When you’ve spent 25 years watching people change their lives through diet and exercise it no longer becomes just a job, it becomes a passion.
For Karen Hodgkins, the current epidemic of obesity, diabetes and heart disease in the community has given her even more reason to keep pushing the healthy lifestyle to as many people she can reach. Whether it’s through Magnum Power Force Gym or teaching people how to make healthy choices through the Diet Center weight loss program she runs through the gym.
Over the past few months, upgrades have been ongoing at the gym – new cardio machines, weights and the introduction of virtual classes, as well as renovating parts of the building to make way for a functional fitness space.
“The new virtual classes are basically on-demand classes on a big screen taught by the best professional fitness instructors in the world through a programme called Les Mills,” said Ms Hodgkins. “While we still will have our classes with a ‘live’ instructor, this gives the flexibility where if one of our classes is cancelled or if you want to do a class at a specific time and the studio is not being used that can be arranged. It allows there to be a lot more choices in classes, and it also is great for people who might feel a little bit self-conscious about doing classes with other people they can do a class by themselves or bring a friend.”
Virtual classes include Les Mills Body Pump, Grit Series, RPM and Body Flow – a yoga-based class.
The next phase of the upgrades will be making the gym 24-hour access, with plans for it all to be in place by the end of the month.
Making the gym a welcoming and accessible space is part of a mission to get the island healthy.
“My biggest passion is counseling people in weight loss and changing their health, their life and their bodies to become healthier people,” said Ms Hodgkins, who also runs the Diet Centre, whose participants also have access to the gym.
“I have clients who come in with huge health problems. They’re on the borderline of diabetes, high blood pressure, and their doctor is recommending them to take high blood pressure pills, but all of those things can be reversed. I’ve seen people lose the weight by changing their eating habits and starting to exercise, they go back to their doctor, and they can come off their pills and their blood sugar medicine – they are reversing their health. We teach people how to make better food choices and make it part of their lifestyle.”
Ms Hodgkins said weight loss is as simple as changing eating habits and starting an exercise programme – even if that’s just getting out and walking for 20-30 minutes a day.
“It doesn’t take a lot. You just have to eat healthily and get into exercise. Just go out and start walking every day. Just start that. It doesn’t have to be in a gym; it can be anywhere – just get physically active.”
And it isn’t as expensive as people might think to eat healthily, either, she said. “It’s about the choices we make at the grocery store. Some of our fresh fruits and vegetables are expensive, but you have frozen options that you can use that are just as good. Is it expensive the choices you have to make to avoid kidney failure or having body parts removed? What is it worth? It’s all about priorities and our health.”
Ms Hodgkins said she welcomes the introduction of a sugar tax – something she has advocated for over the years. But for the sugar tax to have any effect, she said she hopes to see the money from the tax put towards subsidizing healthcare and educating the public about making healthy choices.
“I am very concerned about the figures of diabetes in this country. What is it doing to our children and what is that doing for the healthcare costs to everyone else that is healthy and that has to pay these premiums in healthcare because of the bad choices that some people in our community are making?”
She said many people still don’t realize that sugar is equivalent to a drug and as addictive as cocaine.
“If you’re choosing to make bad choices then you’re going to have to pay higher taxes on it,” she said. “It may not deter people from making bad choices, but it may help us to help subsidise the healthcare system.
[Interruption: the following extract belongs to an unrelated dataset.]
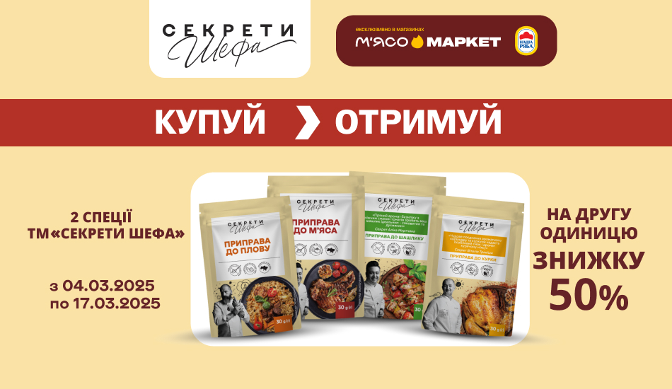 Не проґавте можливість придбати ексклюзивні спеції від шефів «Секрети Шефа» зі знижкою. Купуйте приправи до м’яса, до плову, до курки, до шашлику «Секрети Шефа» і отримуйте -50% на другу одиницю.

People make the choices to eat bad foods, and they know they are making a bad choice, but it’s all about taking care of yourself and making a choice to not end up with the same diseases as your parents had.”
Education in the schools about the benefits of healthy food choices needs to continue, she said, but with more emphasis on the diseases that can contribute to health complications, such as loss of limbs.
“It starts with education in the schools because a lot of obesity is hereditary in the sense that these food habits are passed down from generation to generation. Diabetes runs in my family and I will never forget when I went to visit my uncle, who had diabetes, and I asked him why he was missing a finger, and he said it was because he had diabetes and he had to have it removed. That has always stuck with me, and I knew that I never in my life wanted to lose a body part because of a disease.”